2001 single by All Saints

"All Hooked Up" is a song by English-Canadian girl group All Saints from their second album, Saints & Sinners (2000). London Records released the song as the third and last single from the album on 15 January 2001.

==Composition and lyrical interpretation==
"All Hooked Up" is a hip hop, P-funk, and R&B song. The Guardians Caroline Sullivan commented that the group sings "'I know that you want a piece of mah ass' under the misapprehension that they're Mary J Blige", and that when Lewis sings "Why's this guy all up in my ass?", it "doesn't make her sound like anything but an English girl trying to do ghetto-fab". The Sunday Peoples Sean O'Brien called it a "mid tempo song with a great groove created with a plodding bass, lots of P-Funk style and raunchy lyrics".

==Reception==

===Critical response===
"All Hooked Up" received generally favourable reviews from music critics. Sean O'Brien of The Sunday People gave the song a rating of eight out of ten, deeming it a "dirty sexy track with a lot of attitude" and "a great groove". Jon O'Brien from AllMusic likened it to songs by Lucy Pearl. The Sunday Herald praised the track for "maintaining the Saints' trademark tough-girl buffalo stance" and "cowboy-hat-wearing sass". Similarly, Nigel Packer from BBC News commended the song's lyrics which he felt had "bags of attitude". John Walshe of the Hot Press wrote: "Time has not curbed their libidos one iota, thankfully, nor their independence."

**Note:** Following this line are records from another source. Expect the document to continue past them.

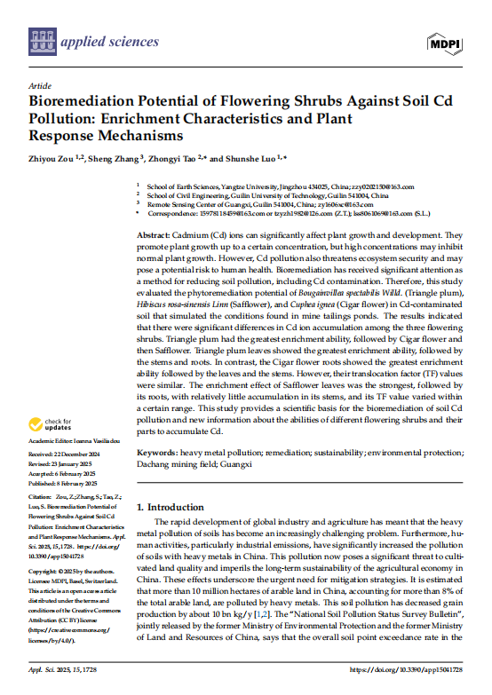 英国威廉集团、广西遥感中心及桂林理工大学联合研究团队,在《Appl. Sci.》期刊发表论文,揭示三角梅、木槿和大红花在土壤镉污染修复中的潜力。
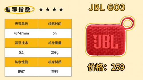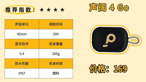 综合表现:这款音箱体积小巧,可以轻松放入背包中携带,还自带编制挂绳,可以轻松拎出门!此外,它还具备IP67级别的防水功能,能够完全浸入水中而不受损,非常适合户外活动使用。
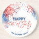 Festive Fireworks Happy 4th of July Custom Name Coaster

Russell Baillie of The New Zealand Herald criticised the group for fixating the lyrics on their buttocks and "trying desperately to be TLC". John Robinson of the NME found the lyrics weird and discomforting to be sung by the group and "like someone reading from a textbook on foundry work, translated from the original Hungarian", and dismissed the song as "woozy cheese music". In 2016, Lewis Corner from Digital Spy placed "All Hooked Up" at number nine in his ranking of All Saints singles, calling it "a so-so hip-hop-lite number that's about as gritty as a suburban cul-de-sac" and "not quite the swansong their fans were after at the time".

===Chart performance===
Although expected to debut at number one, "All Hooked Up" debuted at number seven on the UK Singles Chart dated 27 January 2001, becoming All Saints' eighth consecutive top 10 single in the UK. It dropped to number 28 in its second week and went on to spend a total of 14 weeks on the chart. As of November 2006, "All Hooked Up" has sold 54,699 copies in the UK. It is the group's ninth best-selling single in the UK according to the Official Charts Company. Elsewhere, "All Hooked Up" charted in Ireland (number 18), the Netherlands (number 95), and Switzerland (number 96). In New Zealand, the song peaked at number 50 on the New Zealand Singles Chart for two consecutive weeks.

==Music video==
The accompanying music video for "All Hooked Up" was directed by Douglas Avery. The video was filmed over two days in London. The stunts done in the visual were painstakingly choreographed with no special effects. The video aired on 11 December 2000. At the time, the group was on the verge of splitting up because of internal arguing, and a further source of friction occurred when Melanie Blatt mimed to Natalie Appleton's voice on the video. The music video itself features All Saints rooting out men in their motel rooms and then throwing them through windows, walls and closed doors.

==Live performances==
All Saints pulled out of two television appearances after bosses wanted the group to change the lyrics to "All Hooked Up". A spokesperson for the band told that the band were asked to change the lyric "you want a piece of my ass" from the song for their appearances on both CD:UK on 6 January and T4 the day after. However, the spokesperson said the girls considered the line "an integral part" of the song, and did not want to change it for the shows. He added: "They've not snubbed it or anything, they're aware that it is a kids programme".

==Track listings==

- CD1 single
1. "All Hooked Up" (Single Version) – 3:49
2. "All Hooked Up" (Architechs Vocal Mix) – 4:09
3. "All Hooked Up" (K-Gee Remix Edit) – 3:26

- CD2 single
4. "All Hooked Up" (Single Version) – 3:49
5. "Black Coffee" (Version 2) – 5:01
6. "Never Ever" – 6:27
7. "All Hooked Up" (Video) – 3:49

- CD maxi-single
8. "All Hooked Up" (Single Version) – 3:49
9. "All Hooked Up" (Architechs Vocal Mix) – 4:09
10. "All Hooked Up" (K-Gee Remix Edit) – 3:26
11. "All Hooked Up" (Video) – 3:49

- Cassette single
12. "All Hooked Up" (Single Version) – 3:49
13. "All Hooked Up" (Architechs Vocal Mix) – 4:09

==Personnel==
Personnel are adapted from the liner notes of Saints & Sinners.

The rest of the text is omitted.